▶ _Exercise goal_
In the records below, find the line with "A dragon like", then copy each line exactly until you have copied the line with "本系統(tǒng)由光電傳感". Leave any picture out.

▶ _Entries shown_
[Start of section]
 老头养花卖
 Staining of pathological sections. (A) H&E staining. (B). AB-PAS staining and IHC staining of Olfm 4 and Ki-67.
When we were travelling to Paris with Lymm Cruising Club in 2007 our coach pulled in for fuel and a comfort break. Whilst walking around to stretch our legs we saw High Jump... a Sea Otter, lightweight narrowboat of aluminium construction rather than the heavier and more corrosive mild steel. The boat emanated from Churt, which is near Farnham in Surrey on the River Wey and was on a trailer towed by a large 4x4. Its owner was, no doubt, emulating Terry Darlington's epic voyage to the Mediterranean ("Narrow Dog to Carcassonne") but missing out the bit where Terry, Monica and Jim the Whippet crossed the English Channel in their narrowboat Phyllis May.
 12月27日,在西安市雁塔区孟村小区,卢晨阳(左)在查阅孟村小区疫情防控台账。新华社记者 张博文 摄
[End of section]
[Start of section]
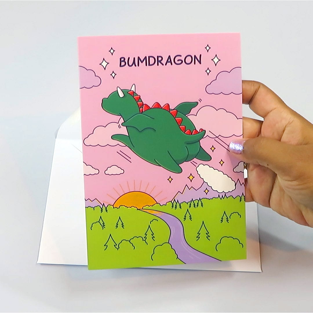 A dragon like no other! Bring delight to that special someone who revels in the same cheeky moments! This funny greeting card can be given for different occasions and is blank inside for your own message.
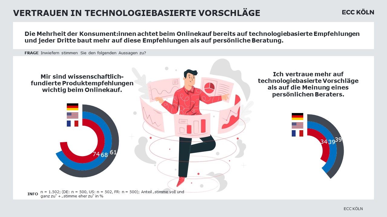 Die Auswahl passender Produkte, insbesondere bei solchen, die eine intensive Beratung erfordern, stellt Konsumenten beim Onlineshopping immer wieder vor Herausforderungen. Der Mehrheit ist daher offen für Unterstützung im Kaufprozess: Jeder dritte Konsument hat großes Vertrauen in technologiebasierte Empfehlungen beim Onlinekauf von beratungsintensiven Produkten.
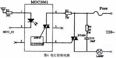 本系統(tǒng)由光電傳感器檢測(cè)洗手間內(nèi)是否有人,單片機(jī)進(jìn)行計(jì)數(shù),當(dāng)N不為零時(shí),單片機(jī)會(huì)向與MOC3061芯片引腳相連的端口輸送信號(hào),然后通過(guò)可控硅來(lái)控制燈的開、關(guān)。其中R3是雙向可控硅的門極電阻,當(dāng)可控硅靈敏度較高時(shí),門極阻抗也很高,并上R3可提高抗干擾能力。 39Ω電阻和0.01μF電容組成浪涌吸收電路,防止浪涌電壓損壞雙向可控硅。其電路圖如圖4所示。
[End of section]
▶ _Answer area_
 A dragon like no other! Bring delight to that special someone who revels in the same cheeky moments! This funny greeting card can be given for different occasions and is blank inside for your own message.
 Die Auswahl passender Produkte, insbesondere bei solchen, die eine intensive Beratung erfordern, stellt Konsumenten beim Onlineshopping immer wieder vor Herausforderungen. Der Mehrheit ist daher offen für Unterstützung im Kaufprozess: Jeder dritte Konsument hat großes Vertrauen in technologiebasierte Empfehlungen beim Onlinekauf von beratungsintensiven Produkten.
 本系統(tǒng)由光電傳感器檢測(cè)洗手間內(nèi)是否有人,單片機(jī)進(jìn)行計(jì)數(shù),當(dāng)N不為零時(shí),單片機(jī)會(huì)向與MOC3061芯片引腳相連的端口輸送信號(hào),然后通過(guò)可控硅來(lái)控制燈的開、關(guān)。其中R3是雙向可控硅的門極電阻,當(dāng)可控硅靈敏度較高時(shí),門極阻抗也很高,并上R3可提高抗干擾能力。 39Ω電阻和0.01μF電容組成浪涌吸收電路,防止浪涌電壓損壞雙向可控硅。其電路圖如圖4所示。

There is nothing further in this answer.